## Task prompt
Exactly reproduce the lines of the listing below from the one containing "Señalización de la ruta" through the one containing "C'est donc ce". Skip the images.

## Data to examine
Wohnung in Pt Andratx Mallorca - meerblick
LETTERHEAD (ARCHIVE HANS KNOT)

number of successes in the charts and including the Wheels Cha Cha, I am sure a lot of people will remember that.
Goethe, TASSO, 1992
...
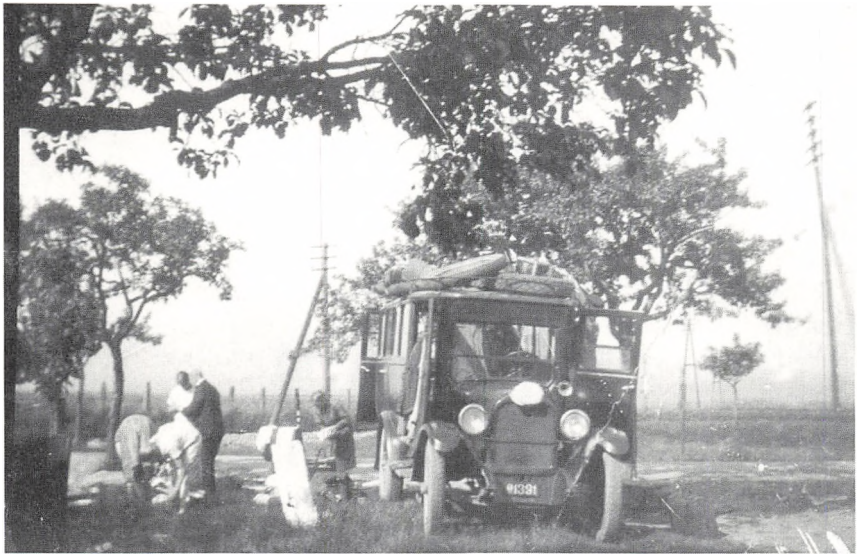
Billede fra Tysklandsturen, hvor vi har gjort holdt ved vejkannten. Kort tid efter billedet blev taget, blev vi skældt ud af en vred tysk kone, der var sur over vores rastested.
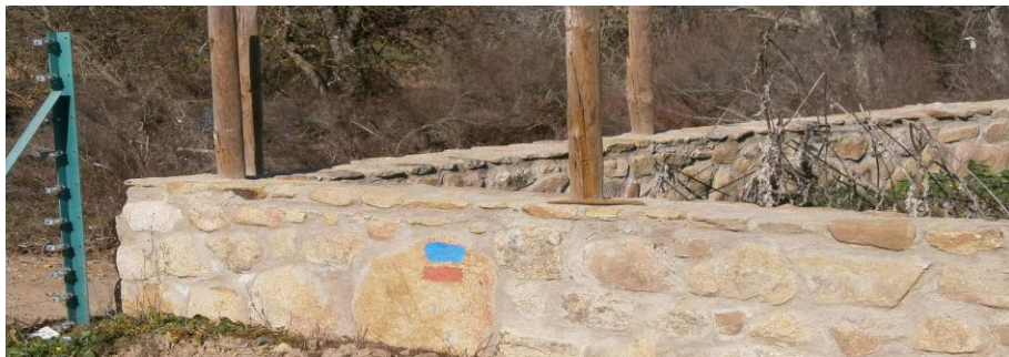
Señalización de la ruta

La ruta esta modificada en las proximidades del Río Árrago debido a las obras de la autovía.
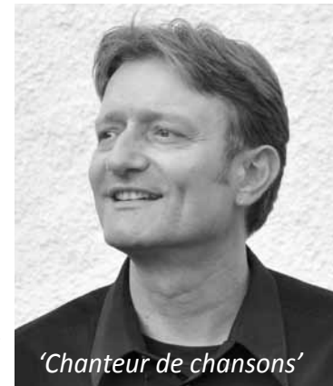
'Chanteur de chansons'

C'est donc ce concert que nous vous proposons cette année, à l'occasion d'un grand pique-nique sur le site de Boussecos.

## Response
Señalización de la ruta

La ruta esta modificada en las proximidades del Río Árrago debido a las obras de la autovía.
'Chanteur de chansons'

C'est donc ce concert que nous vous proposons cette année, à l'occasion d'un grand pique-nique sur le site de Boussecos.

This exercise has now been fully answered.